Appellant contends that similarly, in Outcalt, the court granted use immunity and thereby erred. However, the common pleas court in Outcalt never purported to grant transactional immunity pursuant to R.C. 2945.44. Conversely, in the case at bar, the trial court expressly informed appellee that he was being granted transactional immunity under R.C. 2945.44 and that such immunity provided that he "shall not be prosecuted or subjected to any criminal penalty in the courts of this state for or on account of any transaction or matter concerning which, in compliance with the order, you give an answer or produce information." Although the court of appeals erroneously focused on the common pleas court's "intent" rather than on what it actually informed appellee, it is apparent that the common pleas court did inform appellee of his transactional immunity and that appellee was entitled to the immunity provided by R.C. 2945.44(B). The fact that in so informing appellee the common pleas court erroneously added a "use immunity" instruction should not derogate from this result. Indeed, the reach of the immunity provided pursuant to R.C. 2945.44 in effect subsumes the more limited use immunity. See, e.g., State v. Thompson (1992), 62 Ohio Misc.2d 555, 559-560, 607 N.E.2d 118, 121. Consequently, appellant's first proposition of law lacks merit.
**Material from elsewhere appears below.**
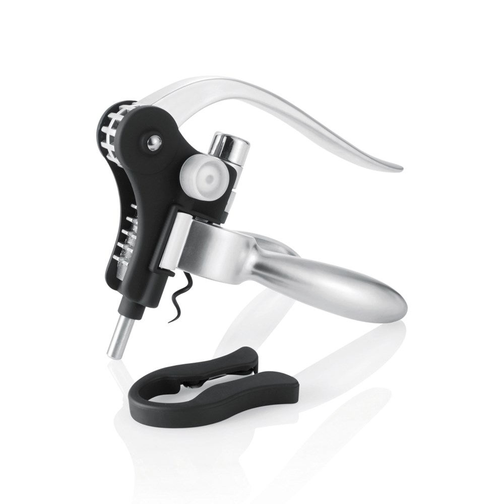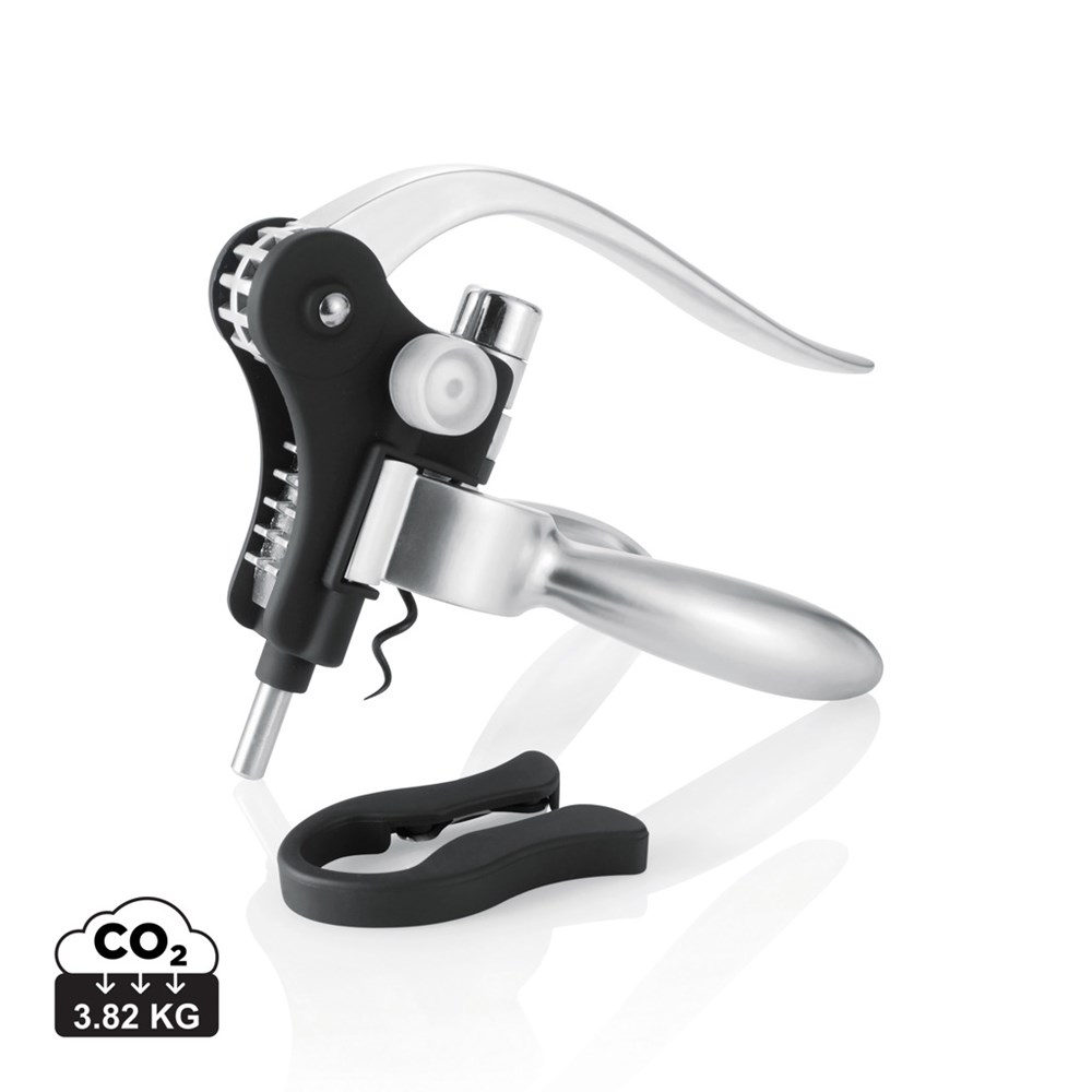 Gemaakt van aluminium en gehard staal met Teflon gecoate schroefdraad inclusief loodsnijder verpakt in luxe geschenkverpakking met wijnadvies.

Appellant in his second proposition of law asserts that a grant of R.C. 2945.44 immunity does not totally divest the court of jurisdiction over the person to whom the immunity has been granted so as to constitute a patent and unambiguous lack of jurisdiction. Appellant contends that "while a grant of immunity may act as a shield around the Relator to protect him from prosecution, it does not cause a court...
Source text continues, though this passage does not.